The square bracket operator `[` allows for more advanced textual queries, similarly 
to `focus` arguments that can be used when importing contact matrices in memory. 

**This ensures that only the needed data is parsed in R, reducing memory load and 
accelerating the import.** Thus, this should be the preferred way of 
parsing `HiCExperiment` data, as disk-stored contact matrices allow 
efficient random access to indexed data.  

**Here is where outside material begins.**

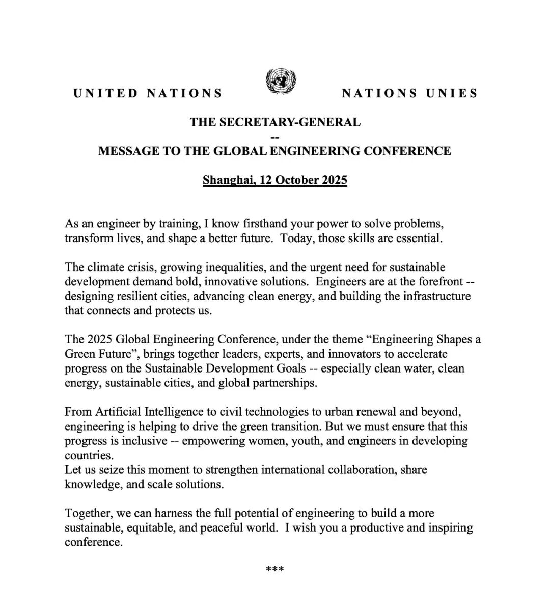 联合国秘书长致世界工程组织联合会全体大会的贺信
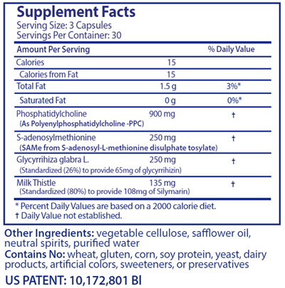 The combination of four clinically significant and synergistically active ingredients, Advanced Micronized PPC Liposomes to increase absorption and bioavailability, and a Delayed Release Dual Capsule Technology can be considered a new breakthrough in hepatic support and function.

The following string types can be used to subset a `HiCExperiment` object
with the `[` notation:

```{r}
#   "II"                                  --> import contacts over an entire chromosome
#   "II:300001-800000"                    --> import on-diagonal contacts within a chromosome
#   "II:300001-400000|II:600001-700000"   --> import off-diagonal contacts within a chromosome
#   "II|III"                              --> import contacts between two chromosomes
#   "II:300001-800000|V:1-500000"         --> import contacts between segments of two chromosomes
#   c("II", "III", "IV")                  --> import contacts within and between several chromosomes
```

::: {.callout-important collapse="true"}
## More examples for subsetting with `[` 👇

- Subsetting to a specific **on-diagonal** genomic location using standard UCSC coordinates query: 

```{r}
hic["II:800001-813184"]
```

- Subsetting to a specific **off-diagonal** genomic location using pairs of coordinates query: 

```{r}
hic["II:300001-320000|II:800001-813184"]
```

- Subsetting interactions to retain those constrained within a single chromosome: 

```{r}
hic["II"]
```

- Subsetting interactions to retain those between two chromosomes: 

```{r}
hic["II|IV"]
```

- Subsetting interactions to retain those between segments of two chromosomes: 

```{r}
hic["II:300001-320000|IV:1-100000"]
```

- Subsetting interactions to retain those constrained within several chromosomes: 

```{r}
hic[c('II', 'III', 'IV')]
```
:::

::: {.callout-note}
## Note
- This last example (subsetting for a vector of several chromosomes) is the 
only scenario for which `[`-based in-memory subsetting of pre-imported data is 
the only way to go, as such subsetting is not possible with `focus` 
from disk-stored data. 
- All the other `[` subsetting scenarii illustrated above can be achieved more 
efficiently using the `focus` argument when `import`ing data into a 
`HiCExperiment` object. 
- However, keep in mind that subsetting preserves extra data, e.g. added `scores`, 
`topologicalFeatures`, `metadata` or `pairsFile`, whereas this information is 
lost using `focus` with `import`.
:::

### Zooming on a `HiCExperiment`

"Zooming" refers to dynamically changing the **resolution** of a `HiCExperiment`. 
By `zoom`ing a `HiCExperiment`, one can refine or coarsen the contact matrix. 
This operation takes a`ContactFile` and `focus` from an existing `HiCExperiment` 
input and re-generates a new `HiCExperiment` with updated `resolution`, 
`interactions` and `scores`. 
Note that `zoom` will preserve existing `metadata`, `topologicalFeatures` and `pairsFile` 
information.

```{r}
hic

zoom(hic, 4000)

zoom(hic, 1000)
```

::: {.callout-note}
## Note
The sum of raw counts do not change after `zoom`ing, however the number of 
individual `interactions` and `regions` changes. 

```{r}
length(hic)
length(zoom(hic, 1000))
length(zoom(hic, 4000))
sum(scores(hic, "count"))
sum(scores(zoom(hic, 1000), "count"))
sum(scores(zoom(hic, 4000), "count"))
```
:::

::: {.callout-important}
- `zoom` does not change the `focus`! It only affects the `resolution` 
(and consequently, the `interactions`).
- `zoom` will only work for multi-resolution contact matrices, e.g. `.mcool` or 
`.hic`. 
:::

## Updating an `HiCExperiment` object

::: {.callout-tip}
## TL;DR: Which `HiCExperiment` slots are mutable (✅) / immutable (⛔️)?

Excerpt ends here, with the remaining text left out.